Data for this exercise: Begin
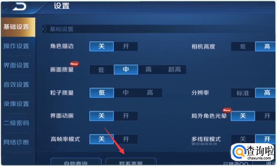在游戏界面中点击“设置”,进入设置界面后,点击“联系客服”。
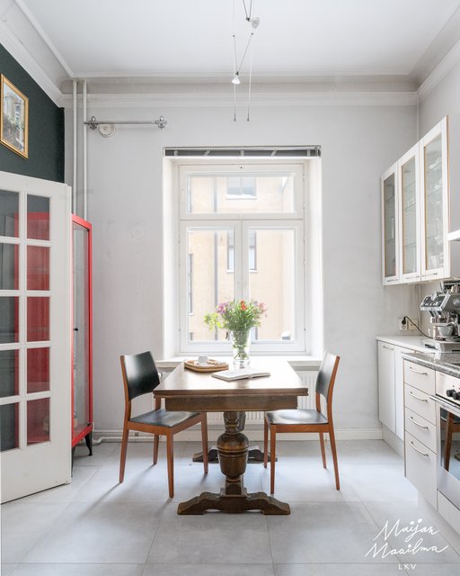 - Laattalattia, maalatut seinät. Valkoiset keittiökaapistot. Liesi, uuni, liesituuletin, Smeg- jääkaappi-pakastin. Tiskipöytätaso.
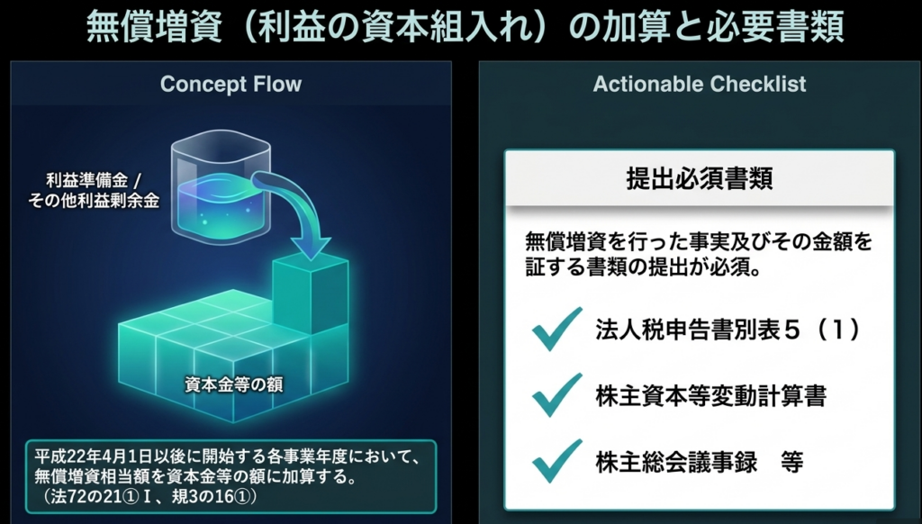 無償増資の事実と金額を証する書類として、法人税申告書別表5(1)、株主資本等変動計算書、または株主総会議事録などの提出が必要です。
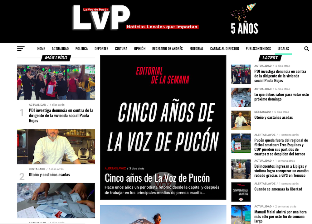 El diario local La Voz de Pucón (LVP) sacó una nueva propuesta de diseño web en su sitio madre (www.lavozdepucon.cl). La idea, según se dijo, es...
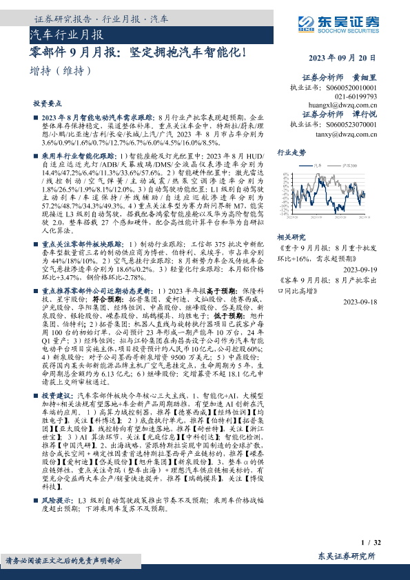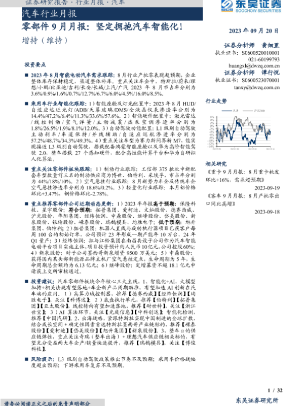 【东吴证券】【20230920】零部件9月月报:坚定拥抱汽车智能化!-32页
Data for this exercise: End
Task details - Give again, word for word, the line that contains "- Laattalattia, maalatut" and every line after it through the end of the entries; omit the pictures.

Response -
 - Laattalattia, maalatut seinät. Valkoiset keittiökaapistot. Liesi, uuni, liesituuletin, Smeg- jääkaappi-pakastin. Tiskipöytätaso.
 無償増資の事実と金額を証する書類として、法人税申告書別表5(1)、株主資本等変動計算書、または株主総会議事録などの提出が必要です。
 El diario local La Voz de Pucón (LVP) sacó una nueva propuesta de diseño web en su sitio madre (www.lavozdepucon.cl). La idea, según se dijo, es...
 【东吴证券】【20230920】零部件9月月报:坚定拥抱汽车智能化!-32页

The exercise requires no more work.